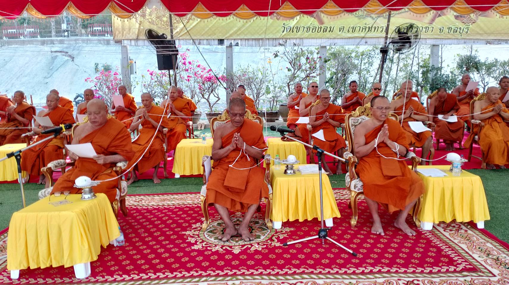 วัดเขาช่องลม ตำบลเขาคันทรง อำเภอศรีราชา จัดพิธีเจริญพระพุทธมนต์ เตาหลอมหุ่นขี้ผิ้งราหูส่วนหน้า (แท่นประทับท่านทองล้น ปางปาฏิหาริย์) ที่เตรียมเททองหล่อในวันพรุ่งนี้ 29 มกราคม 2568 เวลา 16.09 น.โดยมีพระครูสาทรวรกิตติ์,พระครูปลัดวัณณวัฒน,พระครูสภัทรธรรมธาดา และคณะสงฆ์วัดเขาช่องลม เจริญพระพุทธมนต์อาฏานาฏิยสูตร
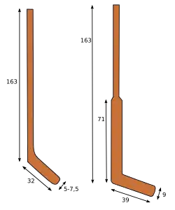La crosse du gardien est plus coudée et la palette plus large (dessin de droite).
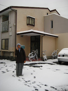 Alhamdulillah, hari ini merupakan hari kedua salji turn dengan lebatnya di sini. Walaupun sudah biasa bermain dengan salji ketika di Yamagata dan Nagano suatu ketika dahulu, namun bila dapat menikmati salji di tempat sendiri, memang terasa lain keseronokannya. Bahkan, benarlah kata pepatah, "..lebih baik hujan batu di tempat sendiri " :P.
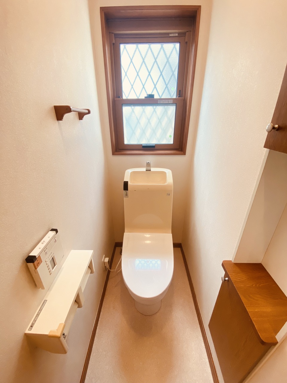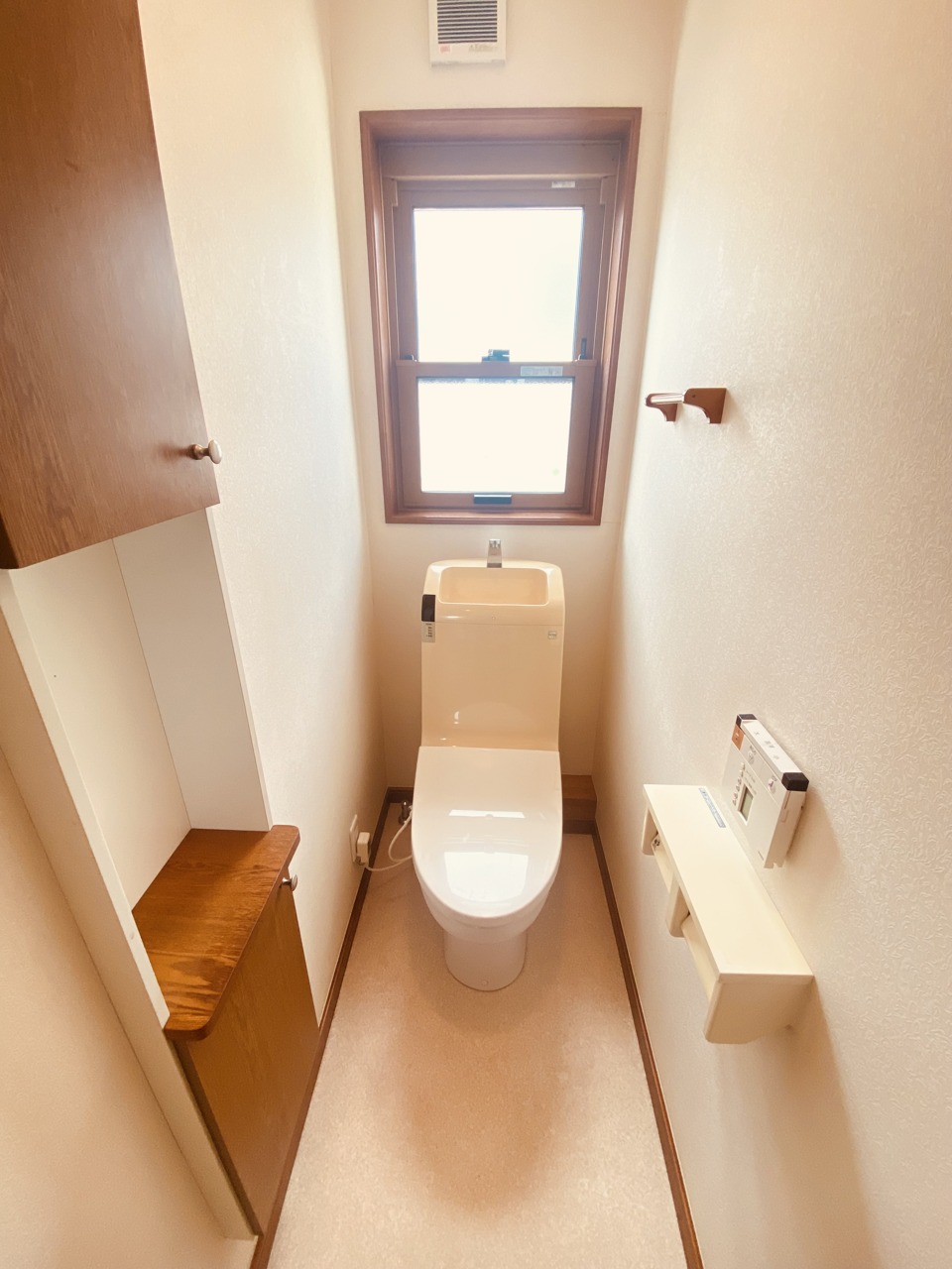 ウォシュレット機能付きのトイレ。換気のしやすい窓付きで、収納もあり実用性も兼ね備えた造り。
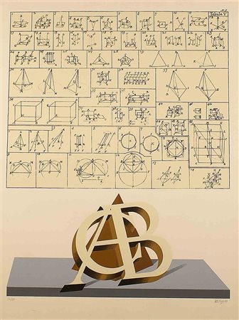 Lucio del Pezzo (Napoli 1933), "Senza titolo", litografia su cartoncino, es....
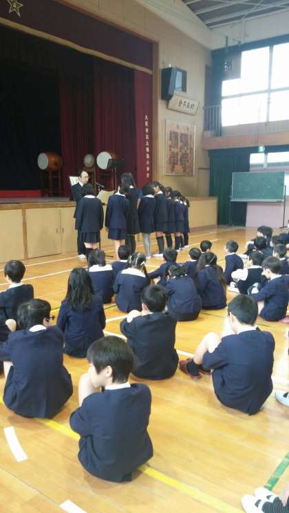 2つ目は、昨日、下福島グランドで行われた青少年指導杯で、上福島小のキックベースボースチームが見事、優勝しましたのでそのお披露目をしました。
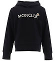 Moncler hættetrøjen har en fast hætte med et bomuldsfor, og den kan lukkes lidt til foran med to sølvfarvede trykknapper. Hættetrøjen har lange ærmer og brede ribkanter, og fortil sidder der en kængurulomme.

Task instructions: Return the material exactly as written, except for any pictures it holds.

Output of the exercise:
 วัดเขาช่องลม ตำบลเขาคันทรง อำเภอศรีราชา จัดพิธีเจริญพระพุทธมนต์ เตาหลอมหุ่นขี้ผิ้งราหูส่วนหน้า (แท่นประทับท่านทองล้น ปางปาฏิหาริย์) ที่เตรียมเททองหล่อในวันพรุ่งนี้ 29 มกราคม 2568 เวลา 16.09 น.โดยมีพระครูสาทรวรกิตติ์,พระครูปลัดวัณณวัฒน,พระครูสภัทรธรรมธาดา และคณะสงฆ์วัดเขาช่องลม เจริญพระพุทธมนต์อาฏานาฏิยสูตร
La crosse du gardien est plus coudée et la palette plus large (dessin de droite).
 Alhamdulillah, hari ini merupakan hari kedua salji turn dengan lebatnya di sini. Walaupun sudah biasa bermain dengan salji ketika di Yamagata dan Nagano suatu ketika dahulu, namun bila dapat menikmati salji di tempat sendiri, memang terasa lain keseronokannya. Bahkan, benarlah kata pepatah, "..lebih baik hujan batu di tempat sendiri " :P.
 ウォシュレット機能付きのトイレ。換気のしやすい窓付きで、収納もあり実用性も兼ね備えた造り。
 Lucio del Pezzo (Napoli 1933), "Senza titolo", litografia su cartoncino, es....
 2つ目は、昨日、下福島グランドで行われた青少年指導杯で、上福島小のキックベースボースチームが見事、優勝しましたのでそのお披露目をしました。
 Moncler hættetrøjen har en fast hætte med et bomuldsfor, og den kan lukkes lidt til foran med to sølvfarvede trykknapper. Hættetrøjen har lange ærmer og brede ribkanter, og fortil sidder der en kængurulomme.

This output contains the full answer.